■ YOUR ASSIGNMENT ■
Use the entries below and reproduce exactly the lines from the one containing "在聯想官方旗艦店微信小程序重" down to the one containing "Producent: BESTFARM Ferma", both of them included.

■ DATASET RECORDS ■
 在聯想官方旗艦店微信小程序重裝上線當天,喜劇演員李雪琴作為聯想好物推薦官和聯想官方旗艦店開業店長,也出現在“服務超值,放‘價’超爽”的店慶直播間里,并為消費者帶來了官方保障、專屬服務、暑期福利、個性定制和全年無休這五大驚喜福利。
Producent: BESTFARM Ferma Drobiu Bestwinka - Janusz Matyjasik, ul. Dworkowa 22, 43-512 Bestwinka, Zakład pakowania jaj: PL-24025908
---
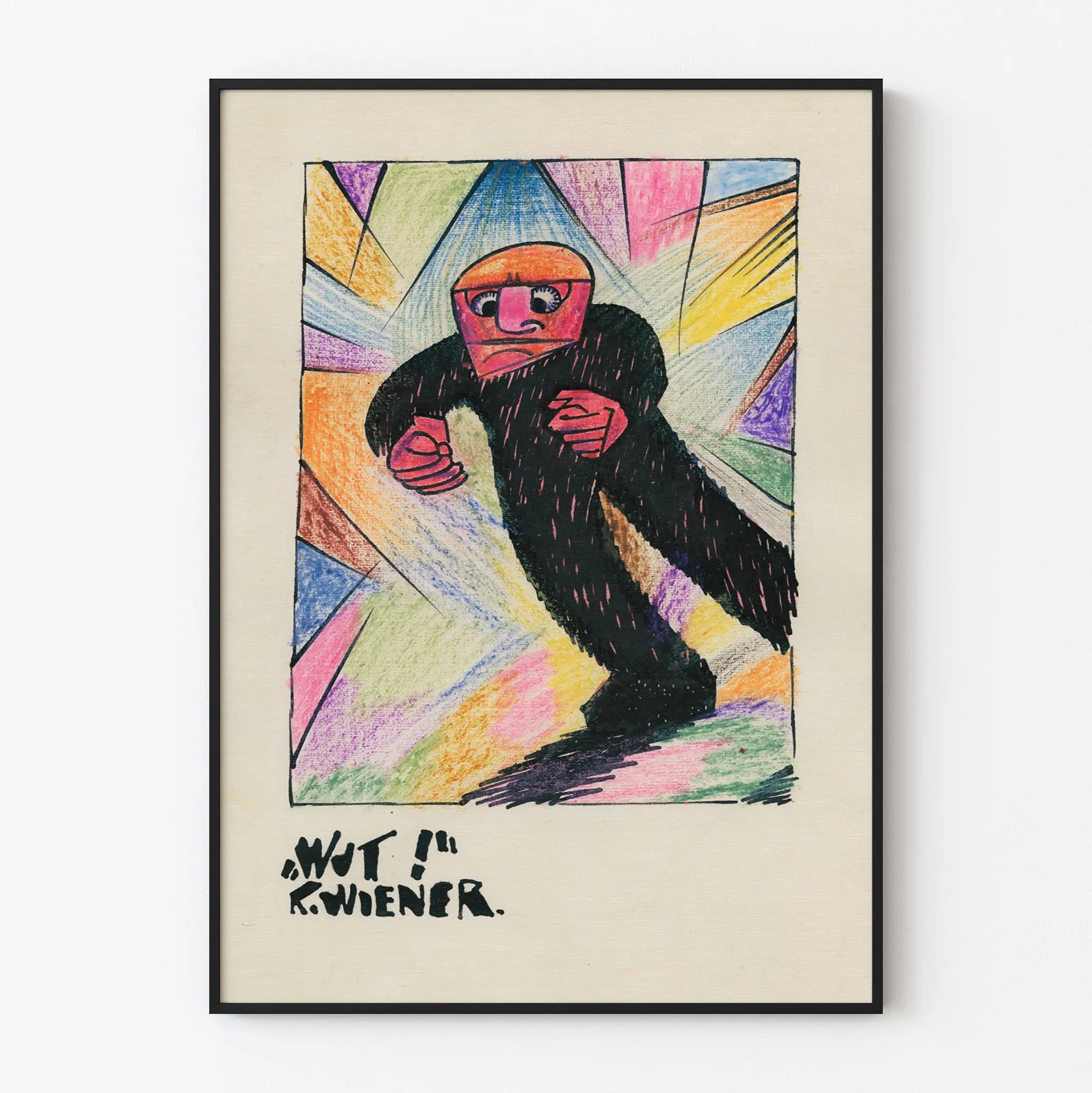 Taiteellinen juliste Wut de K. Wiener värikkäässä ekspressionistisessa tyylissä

■ RESULT FOR THIS TASK ■
 在聯想官方旗艦店微信小程序重裝上線當天,喜劇演員李雪琴作為聯想好物推薦官和聯想官方旗艦店開業店長,也出現在“服務超值,放‘價’超爽”的店慶直播間里,并為消費者帶來了官方保障、專屬服務、暑期福利、個性定制和全年無休這五大驚喜福利。
Producent: BESTFARM Ferma Drobiu Bestwinka - Janusz Matyjasik, ul. Dworkowa 22, 43-512 Bestwinka, Zakład pakowania jaj: PL-24025908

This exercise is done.